🤖 AI Summary
Late-interaction retrieval models (e.g., ColBERT) achieve strong performance in cross-domain, reasoning-intensive, and cross-modal retrieval tasks, yet suffer from low efficiency, poor system integrability, and a lack of real-world deployment feedback; moreover, research remains fragmented and industry engagement is limited. This workshop establishes the first dedicated forum for late-interaction and multi-vector retrieval, emphasizing empirical knowledge sharing on fine-grained token-level matching—particularly early-stage explorations, production deployment experiences, and candid reporting of negative or anomalous results.

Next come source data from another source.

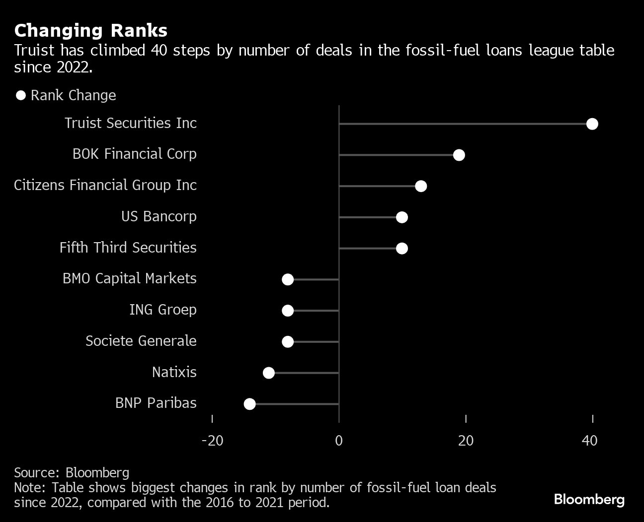 The list of banks includes Citizens Financial Group Inc., BOK Financial Corp. and Truist Securities Inc., according to data compiled by Bloomberg. The companies have climbed between 13 and 40 steps up the league table for fossil-fuel lenders since the end of 2021, placing them among the world’s top 35 banks by number of deals. Fifth Third Securities Inc. and US Bancorp, already in the top 30, both ascended 10 steps in the same period.
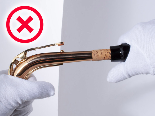 Zet eerst het mondstuk op de hals en dan pas de hals op de saxofoon, om schade aan de hals te voorkomen. Hou bij het afstemmen ook de saxofoon hals goed vast zodat deze niet kan verbuigen door de druk die erop komt wanneer je het mondstuk wilt verplaatsen.
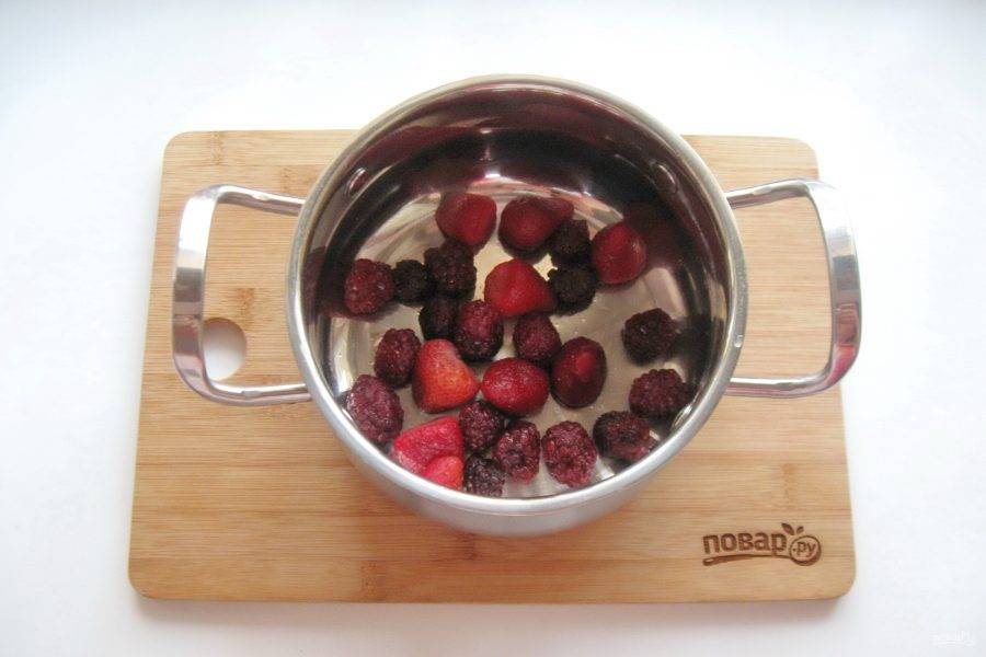 Ягоды помойте и выложите в кастрюлю. Залейте водой.
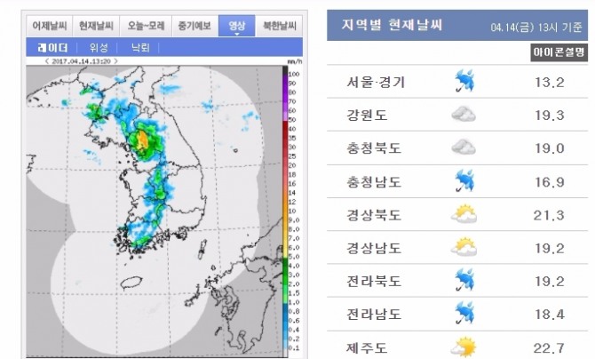 이미지 확대보기기온은 서울,경기가 13.2도, 충청남도 16.9도, 전라북도 19.2도, 전라남도 18.4도다. 강수량은 중부지방에 5-10mm, 남부지방 5mm 안팎으로 적겠지만, 비가 내리는 동안 벼락이 치고 돌풍이 불면서 요란하게 내리겠다.

By fostering deep academia–industry collaboration, it aims to drive tangible advances in retrieval efficiency, system usability, and applicability to emerging scenarios (e.g., cross-modal reasoning). The initiative seeks to cultivate a highly interactive, practice-oriented international research community centered on deployable, scalable late-interaction retrieval technologies.
📝 Abstract
Late interaction retrieval methods, pioneered by ColBERT, have emerged as a powerful alternative to single-vector neural IR. By leveraging fine-grained, token-level representations, they have been demonstrated to deliver strong generalisation and robustness, particularly in out-of-domain settings. They have recently been shown to be particularly well-suited for novel use cases, such as reasoning-based or cross-modality retrieval. At the same time, these models pose significant challenges of efficiency, usability, and integrations into fully fledged systems; as well as the natural difficulties encountered while researching novel application domains. Recent years have seen rapid advances across many of these areas, but research efforts remain fragmented across communities and frequently exclude practitioners. The purpose of this workshop is to create an environment where all aspects of late interaction can be discussed, with a focus on early research explorations, real-world outcomes, and negative or puzzling results to be freely shared and discussed. The aim of LIR is to provide a highly-interactive environment for researchers from various backgrounds and practitioners to freely discuss their experience, fostering further collaboration.